Полина оставила меня в комнате, и я принялась изучать расписание. Ничего такого, что я бы не смогла сделать. Смена капельниц, введение препаратов в строгой очередности, и нанесение на тело специального порошка, не дающего появиться раздражению на коже.
Ввела все необходимые препараты, и позвонила Рику.
— Ну как устроилась, детка? — Весело задал вопрос, подбадривая.
— Неплохо. Уже начала выполнение процедур.
— Хорошо. Я рад, что теперь у тебя появятся деньги, чтобы оплатить учёбу.
— Рик, у меня испытательный срок. — Напомнила ему, чтобы спрятать свою уверенность. Ведь я не упущу эту работу. Не тогда, когда так близка к своей цели.
— У тебя всё получится, милая. Бес в надёжных руках, я даже не сомневаюсь. Всё, целую, соскучился по тебе очень. Надеюсь, скоро вернусь.

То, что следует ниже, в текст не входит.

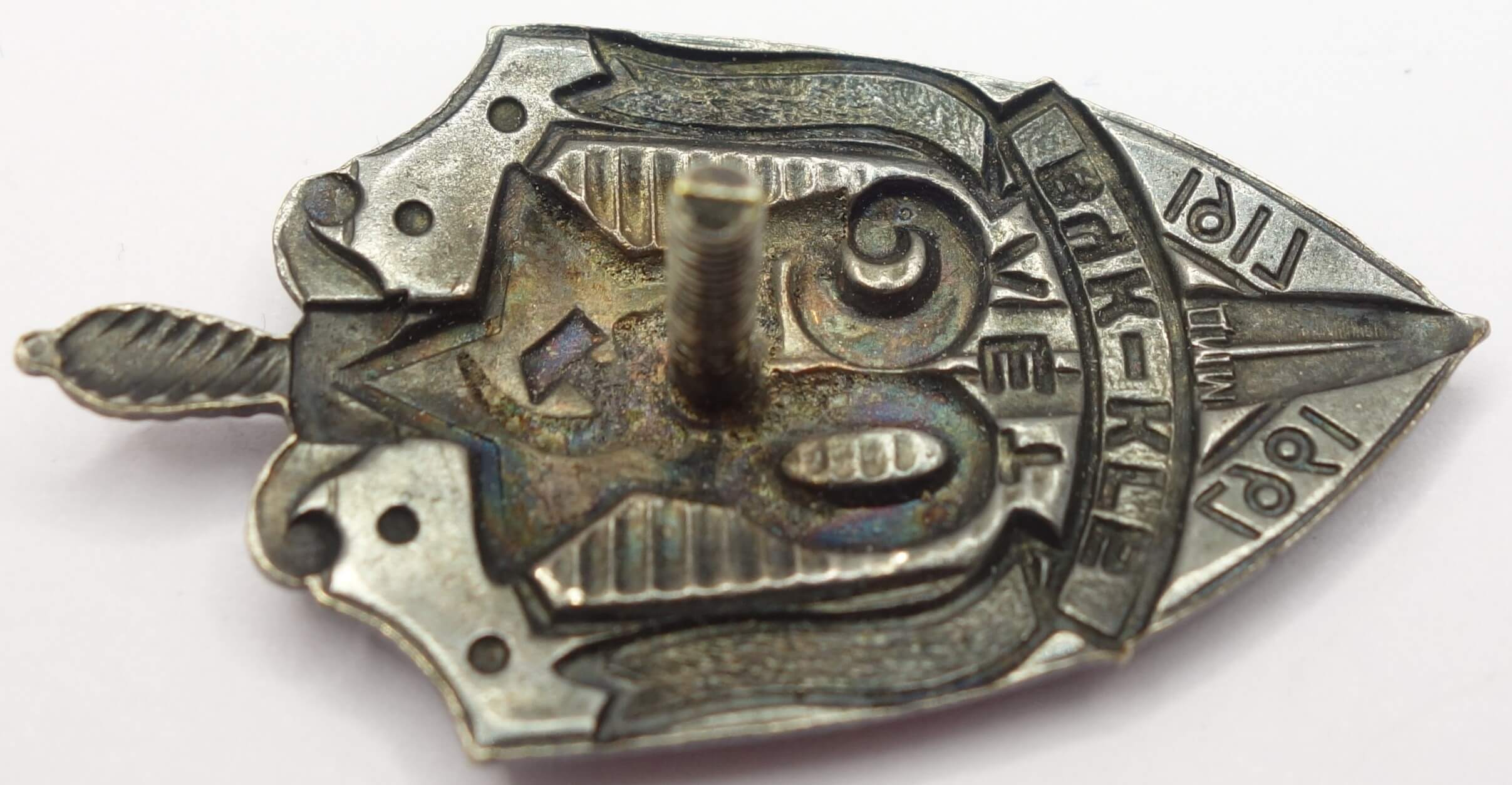 This badge is in excellent condition with its enamels well-preserved and a dark toning on both sides. There are few dings, scratches only and a fair amount of the silver and gold plating is still present. The raised details are crisp and its screw has not been shortened. The badge comes with its well fitted screwplate and there have been no repairs.
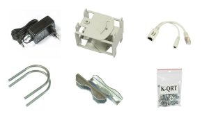 Included • QRT wireless device, precision mounting bracket, U bolts, pole clamp, screw kit, 24V 0.8A power adapter, Gigabit PoE injector
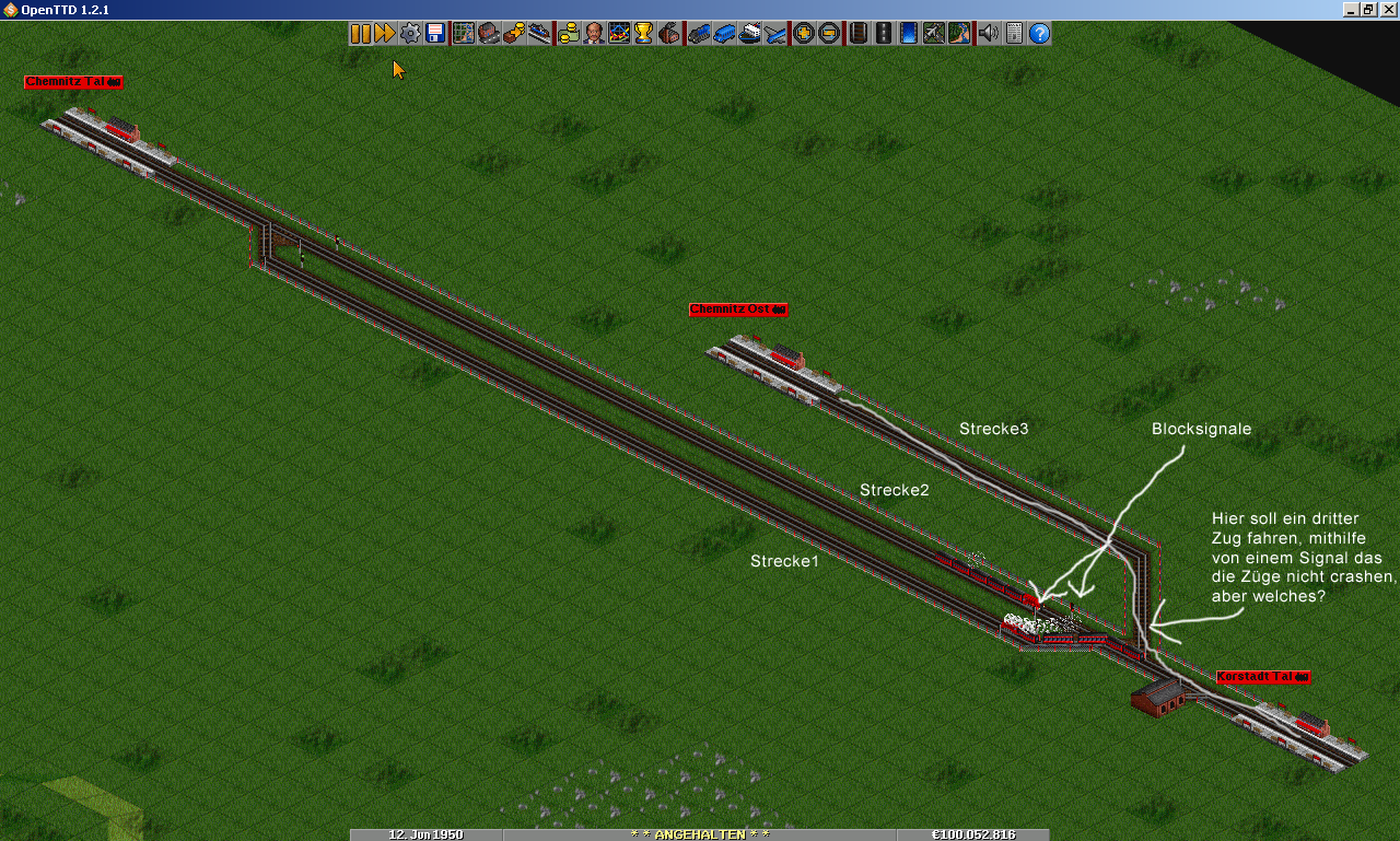 Ich möchte zwei Züge auf einem Gleis fahren lassen, aber es funktioniert bei mir einfach nicht.

Он положил трубку, а меня тряхануло так, что последних слов уже не слышала. Телефон выскользнул из рук, разбиваясь о пол в дребезги, а я дрожащими пальцами потянулась к покрывалу. Я никогда не спрашивала у дяди фотографию Беса. Не хотела видеть его лицо. Боялась, что ненависть меня затопит, заполняя жилы своим смрадным ядом, и отравляя меня саму. Было проще просто не знать его в лицо, воспринимать, как эфемерное чудовище, и лишь перед тем, как перегрызу ему вены, я позволю себе посмотреть в его глаза.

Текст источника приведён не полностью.